Over the past decade, advances in informatics have had a '10X' effect on the life sciences, catapulting the genomics revolution and helping to lead the way to the era of personalised medicine. Today, information technology is a ubiquitous part of every research laboratory, complementing traditional laboratory research with knowledge-rich tools for biological studies.
The completion of the Human Genome Project has shifted research emphasis to the functional aspects of cell biology, including the role of proteins and pathways.
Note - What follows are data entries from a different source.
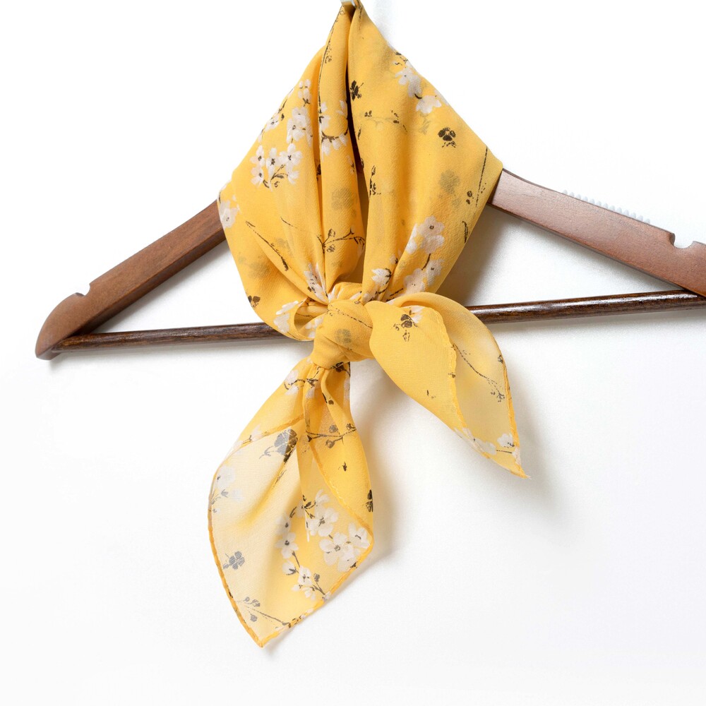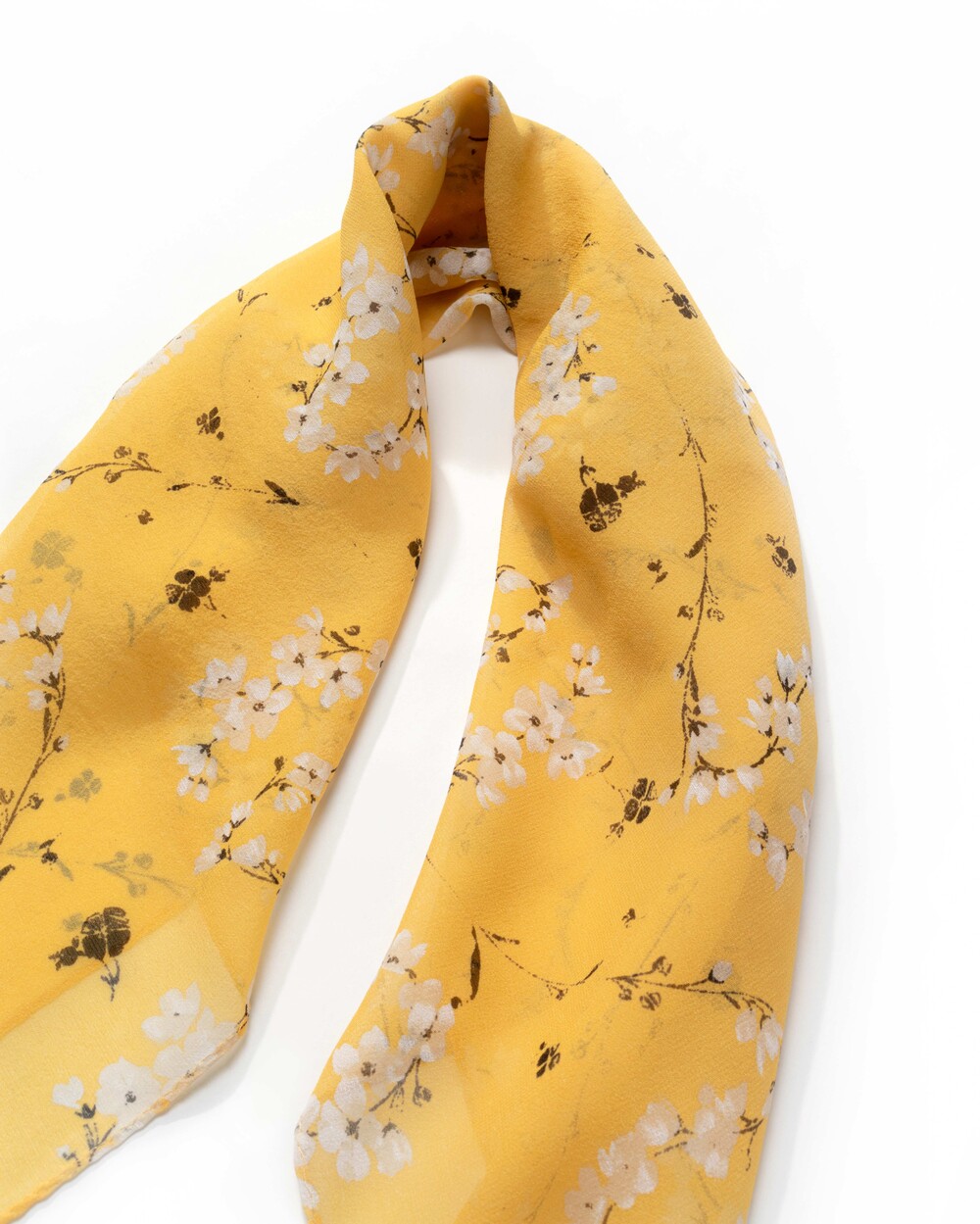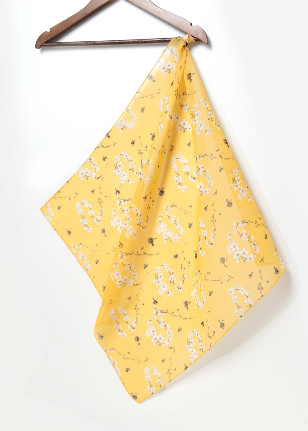 스퀘어 형태의 실크 스카프 입니다. 아리따운 레몬 옐로우 컬러에 한국적인 분위기의 드로잉 플라워 패턴이 더해져 우아한 분위기로 연출됩니다. 가볍고 산뜻한 촉감의 쉬폰 실크로 제작되어 사계절 구애 받지 않고 착용하기에 제격인 스카프 입니다.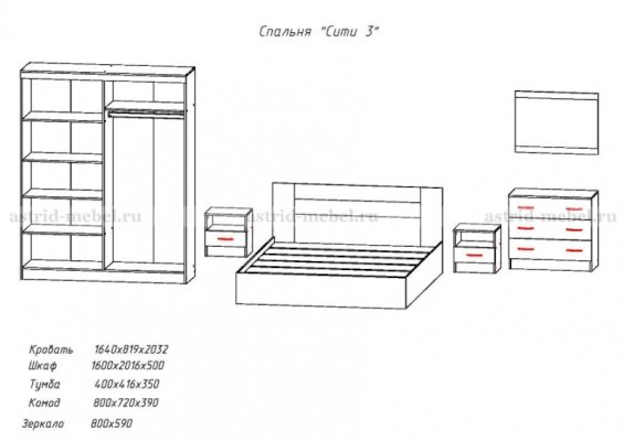 Спальный гарнитур Сити-3 (Астрид-Мебель)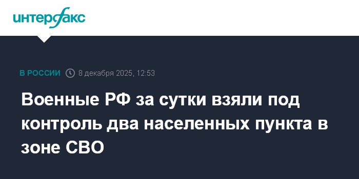 Москва. 8 декабря. INTERFAX.RU - Минобороны РФ сообщило, что в течение суток под контроль российских военных перешли два населенных пункта.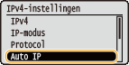 .U kunt slechts één van de protocollen DHCP, BOOTP, en RARP gebruiken. Als het geselecteerde protocol wordt ingesteld op <Aan>, worden de andere twee protocollen automatisch ingesteld op <Uit>.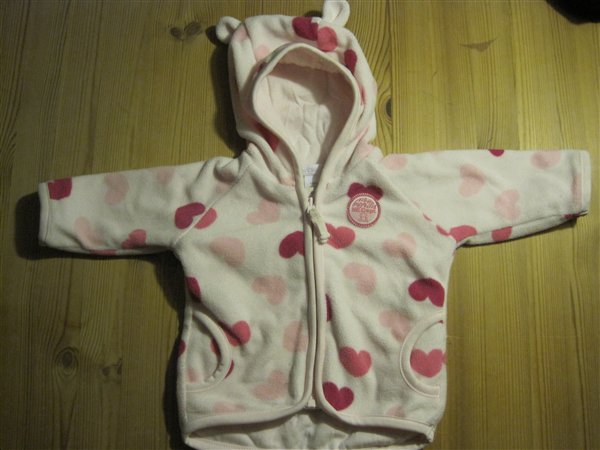 H&M rigtig sød pige fleecejakke med ører, brugt en del i sommers men rigtig pæn, strl 62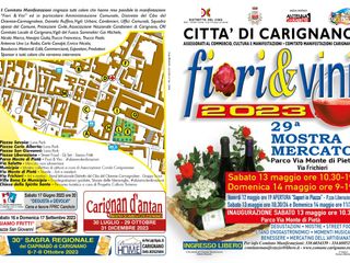 Fino al 14 maggio 2023, si svolgerà la 29ª edizione della Mostra Mercato “FIORI & VINI”, organizzata dal Comune di Carignano e dal Comitato Manifestazioni.
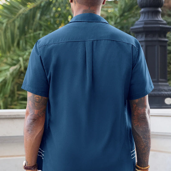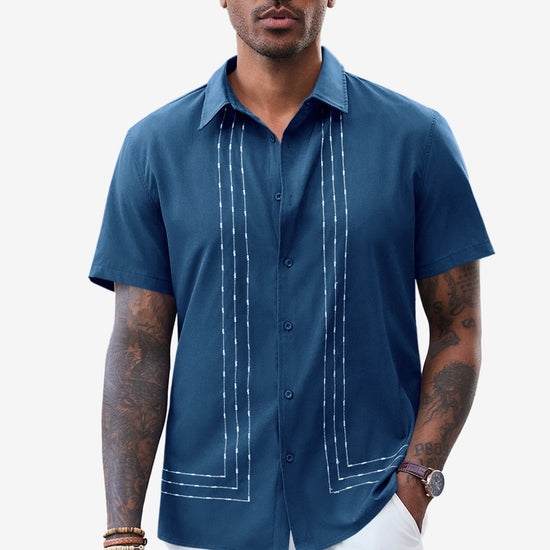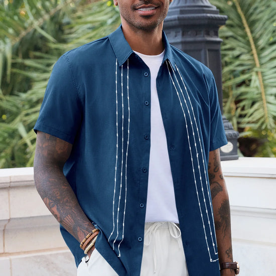 Runcati Mens Dark Blue Cuban Guayabera Shirt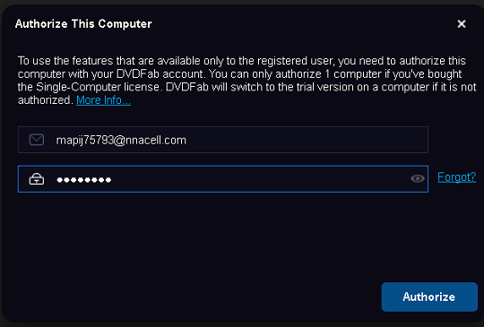 Enter your DVDFab account, email id, and password, and hit the “Authorize” button.

Today, proteomic research is generating terabytes of data and, compared with genomic data, these data are much more complex due to the structure of proteins and the multiple pathways in which they are involved.
In fact, the next wave of critical advances in mass spectrometry, a fundamental proteomics tool, is more likely to be in the informatics for mining the data produced from the machines than in instrument improvements alone.
An example of one such advance is the Applied Biosystems 4700 Proteomics Discovery System, which enables a new class of powerful experiments called Results Dependent Analysis (RDA). In RDA, protein identification resulting from mass spectrometry drives the further acquisition of data from complex samples, and the automatic searching of these results against protein databases to derive definitive identification. Further, the software provides direct links to biological/molecular function, SNP sites, alternate splice forms, and comprehensive genetic information available online through the Celera Discovery System.
Advances in genomics and proteomics, and increasing throughput levels, have meant an increase in operating complexity - a challenge that can be solved only with sophisticated informatics tools. Managing an ever-more complicated workflow has become vital for laboratories to increase productivity, improve data quality, and reduce costs. The elaborate network of interrelated biological processes in living systems cannot be studied or understood using a single technology, necessitating the development of highly advanced informatics solutions capable of integrating disparate data and research applications.
As a result, there is an increasing focus on workflow-based solutions. Advances in Laboratory Information Management Systems (LIMS) are geared toward enabling a more seamless transition along the continuum of research applications. Every lab is unique, however, in terms of workflow management, processes, and technologies employed and added over time, so a LIMS must be flexible, user-configurable, and open, while ensuring security and complying with governmental regulations, such as FDA 21 CFR Part 11.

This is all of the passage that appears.